Copy each line below exactly and leave the pictures out.

*** MATERIAL PROVIDED Section Begins ***

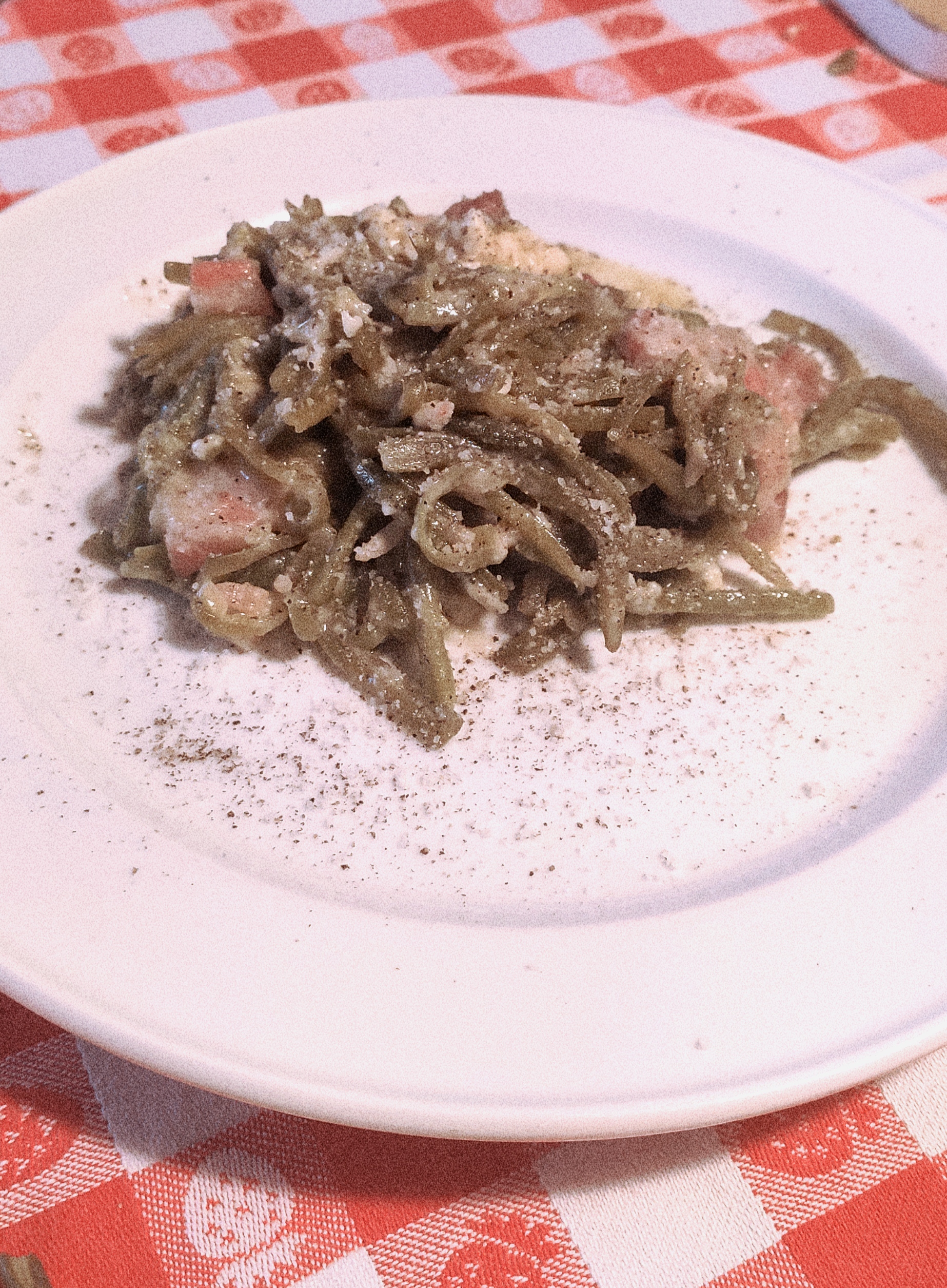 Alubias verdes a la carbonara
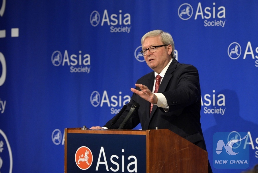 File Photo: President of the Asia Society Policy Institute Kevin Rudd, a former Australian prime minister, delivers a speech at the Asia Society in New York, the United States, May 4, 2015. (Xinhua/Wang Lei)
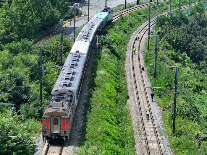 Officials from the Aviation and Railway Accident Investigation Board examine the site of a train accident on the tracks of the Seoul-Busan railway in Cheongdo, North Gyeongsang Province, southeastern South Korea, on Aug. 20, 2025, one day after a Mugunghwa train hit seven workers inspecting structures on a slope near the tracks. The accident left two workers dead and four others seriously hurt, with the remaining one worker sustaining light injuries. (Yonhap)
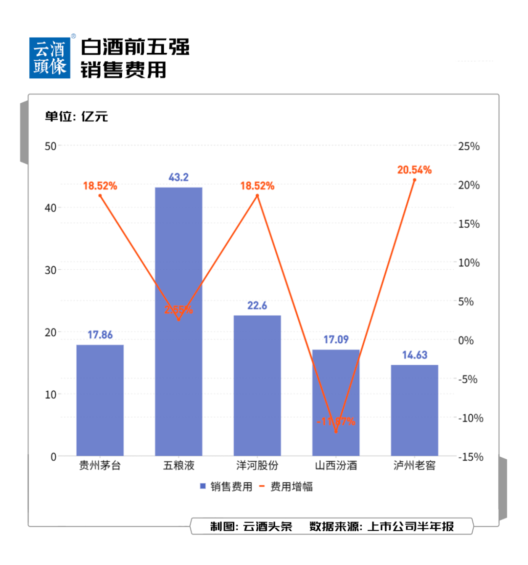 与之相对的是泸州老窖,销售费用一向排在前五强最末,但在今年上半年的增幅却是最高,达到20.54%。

*** MATERIAL PROVIDED Section Ends ***

■ **WRITTEN RESPONSE**
 Alubias verdes a la carbonara
 File Photo: President of the Asia Society Policy Institute Kevin Rudd, a former Australian prime minister, delivers a speech at the Asia Society in New York, the United States, May 4, 2015. (Xinhua/Wang Lei)
 Officials from the Aviation and Railway Accident Investigation Board examine the site of a train accident on the tracks of the Seoul-Busan railway in Cheongdo, North Gyeongsang Province, southeastern South Korea, on Aug. 20, 2025, one day after a Mugunghwa train hit seven workers inspecting structures on a slope near the tracks. The accident left two workers dead and four others seriously hurt, with the remaining one worker sustaining light injuries. (Yonhap)
 与之相对的是泸州老窖,销售费用一向排在前五强最末,但在今年上半年的增幅却是最高,达到20.54%。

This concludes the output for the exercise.